Hatch-Waxman is essentially a complex signaling mechanism between the innovators and the generics as to their patents, and it affords the generics, essentially, an opportunity to declare what the status of their product is vis-à-vis the patents that the innovator has listed in this Orange Book, and then the innovator can take certain actions to protect their…. In most cases, this system has worked quite well. Since 1984, when Hatch-Waxman was passed, there’s been an enormous explosion in the number of generic drugs that have been available. They are now, I think, more than 50% of all prescriptions are generic drugs, saving the American consumer many billions of dollars. But there were these examples of, let’s just say taking advantage of loopholes, that innovators had done, which the FTC very helpfully, usefully, effectively, pointed out.

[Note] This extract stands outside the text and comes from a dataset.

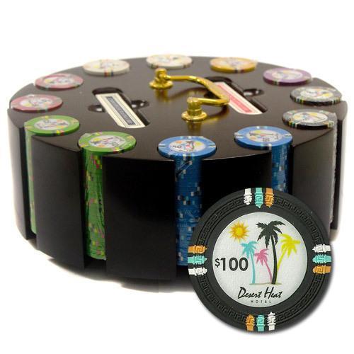 This is the 300 Ct "Desert Heat" clay composite poker chip set from Claysmith Gaming in a carousel case. This set includes 300 of the finest casino grade clay composite poker chips and 2 decks of playing cards. Claysmith offers true casino quality poker chips for the home player.

There are other things that the FTC has done to guard against innovator gaming, but we think that this rule is an important element in further plugging loopholes so that we can maintain the appropriate balance between innovation and safe and effective generic drugs, thus saving American consumers millions and millions of dollars.

The $13 million is, again, going to allow us to – I’m switching away from the rule to the changes to the generic drug program, and I’ll let Gary Buehler address those to a greater extent in one moment. There have been approval times for generic drugs that have frankly been too long. It has taken more than 20 months for a new generic drug to be approved by FDA. FDA is committing to get that time down. We are committing to doing more work on bioequivalence and bioavailability. We are also enhancing our public education, as well as, as I mentioned, the scientific study of generic drugs. So we’re going to expand our educational programs and partnerships involving generic drugs, because we want to get healthcare practitioners and consumers to ensure that they have accurate information about safe and effective generic drugs. There will be some more expectations of the generic drug industry and generic drug applicants. They have had an unfortunately low rate of approval for applications that are initially filed, something like 7%. They have to go through multiple cycles. We want to cut down on those cycles so that we can, again, ensure that safe and effective generic drugs are made available as soon as appropriate, and as soon as the appropriate patents and exclusivities are gone.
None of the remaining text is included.